Well all I can say is this year the Hallmark channels gone south.   All movies are 2014 or 15. Worse yet is they repete (them self)
over and over as if people in this channel pushed a button and went home?  No more Bailey's loan no more kid that lost the
lug nuts for the ole mans 38 Oldsmobile in the snow that shot him self with a daisy.  Get this around 1952 or so my father
also bought my a Daisy.  Before he said do not cock it till you are ready I did and squeezed the trigger and blew out the
picture window.  Well that went over his knee and he busted it.  Now for the twist, many years later I bought this same
gun (same box too) for my youngest boy same deal he blew out my backhoe $100 windshield instinct I busted it over
my knee.    Thats my Christmas story

The two school teachers having a baking contest been on this week about 30 times ???


----------



## FOMOGO (Dec 12, 2015)

" Love Actually " has become a favorite. "It's a wonderful life" of course.
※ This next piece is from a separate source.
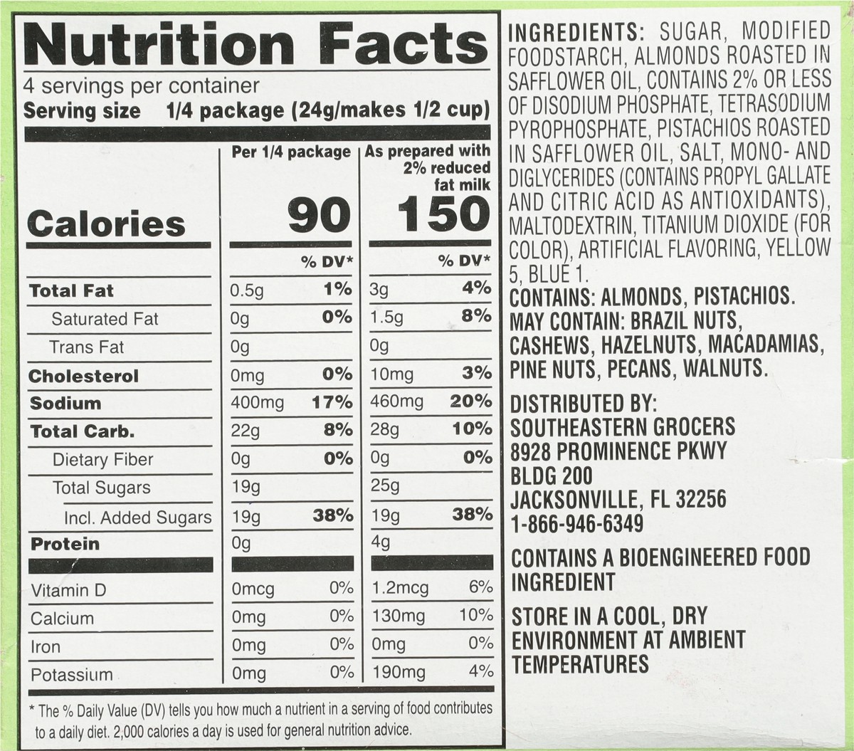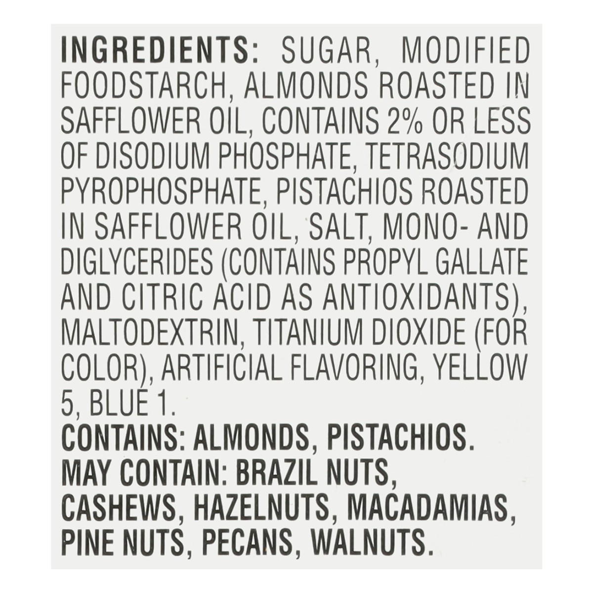 Sugar, Modified Foodstarch, Almonds Roasted in Safflower Oil, Contains 2% or Less of Disodium Phosphate, Tetrasodium Pyrophosphate, Pistachios Roasted in Safflower Oil, Salt, Mono- and Diglycerides (C…

Mike


----------



## higgite (Dec 12, 2015)

Tied for favorite are "A Christmas Story" and "Christmas Vacation". Just because they're fun.

Tom


----------



## ScrapMetal (Dec 12, 2015)

The two I kind of look forward to are Bill Murray's "Scrooged" and Tim Allen's "The Santa Claus".  There are many others I get a kick out of though.

-Ron


----------



## Mark in Indiana (Dec 13, 2015)

We stay with the old classics, the ones that were made more than 35 years ago. Movies, cartoons and Christmas episodes of TV shows. They just don't make them like that anymore.

Good story, GK.


----------



## Eddyde (Dec 13, 2015)

"A Christmas Story"


----------



## Mark in Indiana (Dec 13, 2015)

Sunday night. Got Rudolph The Red Nose Reindeer (1964) on. It's a hoot!


----------